Question

How many moles are in \[550.0g\] of lead (II) sulfate?

Answer 1

Hint: Here we have to find the number of moles as we can convert from mole of a given substance to grams or vice versa by using molar mass concept of said substance. It means the actual concept we will use here is conversion of moles to gram or vice versa. Actually when we compare the amount of one particular substance to another using the mole concept , we should use grams also as such information can be provided from balances. To convert grams to mole , at first we have to determine how many grams are provided in the question (first step). Next , we have to calculate the molar mass of the substance(second step). The final step is to divide first step by second step.

Formula used: Molar mass \[ = \] mass in grams \[/\] \[1mole\] of substance

Complete step-by-step answer:
In this question we are actually using the concept which is concerned with conversion of moles to grams or vice versa by using molar mass . Here our aim is to find the number of moles in lead (II) sulfate or in general chemical formula state, which is \[PbS{O_4}\].

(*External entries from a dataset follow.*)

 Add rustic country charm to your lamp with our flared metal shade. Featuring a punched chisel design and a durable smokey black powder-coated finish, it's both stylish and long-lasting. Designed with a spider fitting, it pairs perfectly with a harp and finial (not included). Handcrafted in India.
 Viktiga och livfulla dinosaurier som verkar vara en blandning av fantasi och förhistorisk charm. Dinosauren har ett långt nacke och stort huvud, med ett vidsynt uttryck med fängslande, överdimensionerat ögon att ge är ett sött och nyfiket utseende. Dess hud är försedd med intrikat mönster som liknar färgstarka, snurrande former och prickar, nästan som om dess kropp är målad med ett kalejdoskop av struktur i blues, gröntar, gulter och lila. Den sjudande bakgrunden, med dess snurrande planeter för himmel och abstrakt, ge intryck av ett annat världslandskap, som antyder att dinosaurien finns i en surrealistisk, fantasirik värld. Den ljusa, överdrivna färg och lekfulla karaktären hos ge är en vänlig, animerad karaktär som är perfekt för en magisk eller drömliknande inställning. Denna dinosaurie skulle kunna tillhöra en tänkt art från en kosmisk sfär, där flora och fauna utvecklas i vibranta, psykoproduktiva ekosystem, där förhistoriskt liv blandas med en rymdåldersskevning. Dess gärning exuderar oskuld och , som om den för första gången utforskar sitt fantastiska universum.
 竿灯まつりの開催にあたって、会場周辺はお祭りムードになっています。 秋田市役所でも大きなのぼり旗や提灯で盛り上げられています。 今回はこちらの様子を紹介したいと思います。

Before proceeding to calculation , let us have a look on to the concept of molar mass . We have to know that molar mass provides the mass of \[1mole\] of a particular given substance. The equation for molar mass is as follows,
Molar mass \[ = \] mass in grams \[/\] \[1mole\] of substance

We have to keep in mind that our case is lead (II) sulfate or \[PbS{O_4}\] which is having a molar mass of \[303.2626gmo{l^{ - 1}}\]. Actually from this we can understand that every mole of \[PbS{O_4}\] is having a mass of \[303.2626g\].

Next our duty is to convert from grams to moles so that enables us to set up molar mass as a conversion factor along with mass of \[1\,mole\] as a denominator which we find above. So, the conversion will be as follows,
\[\dfrac{{1\, mole \, PbS{O_4}}}{{303.2626g}}\]

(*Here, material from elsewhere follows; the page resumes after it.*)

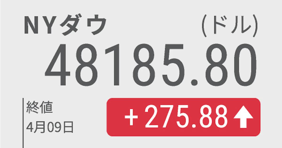9日の米株式市場でダウ工業株30種平均は前日比275ドル高の4万8185ドルと続伸した。イスラエルとレバノンの和平協議報道が好感され、買いが優勢となった。アマゾン等AI関連株が買われる半面、既存ソフト株は下落した。中東情勢の警戒は依然強い。 nikkei.com/article/DGXZQO…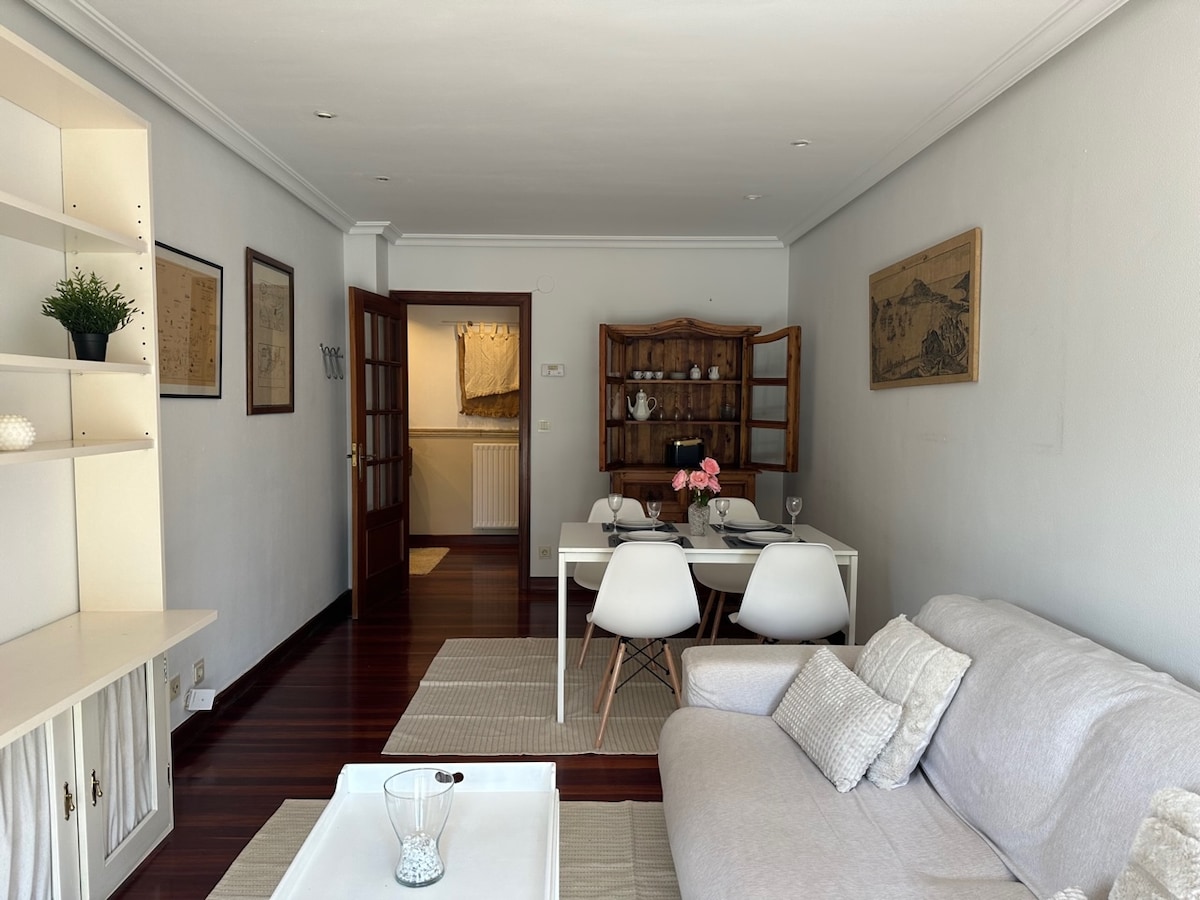 De estilo urbano y acogedor, este nuevo apartamento de un dormitorio con cama kingsize y sofá cama (144x180cm)se encuentra en el corazón del barrio de Gros, a 1 minuto a pie del centro de la ciudad Impecablemente recién reformado cuenta con aire acondicionado, televisión 55", Wifi, Nesspreso. Completamente equipado para niños y bebés. Perfectamente ubicado a 2 minutos de la estación de autobuses y de trenes, así como al lado de una parada directa de autobús para el aeropuerto de San Sebastián.

Here, the given mass of \[PbS{O_4}\] is \[550.0g\]. Therefore,
\[\Rightarrow 550g \times \dfrac{{1\,mole\, PbS{O_4}}}{{303.2626g}}\]
\[\Rightarrow 1.8136\,mole\,PbS{O_4}\]
\[ \approx 1.814\,mole\,PbS{O_4}\]

Hence, there are \[1.814mole\] of \[PbS{O_4}\] is present in \[550.0g\] of lead (II) sulfate.

Note: \[PbS{O_4}\] is actually a white solid which appears as white color in microcrystalline form. This compound can be prepared by treating lead oxide , hydroxide or carbonate with hot sulfuric acid or otherwise by treating a soluble lead salt with sulfuric acid.

One main point we have to keep in mind is about the molar mass of \[PbS{O_4}\] because then only we can proceed in calculation as we did above. Next, we should remember to set up molar mass as a conversion factor with denominator of \[1mole\] mass while converting from grams to moles. Actually, same steps can be followed in these type questions regarding finding moles in grams of any given chemical compound.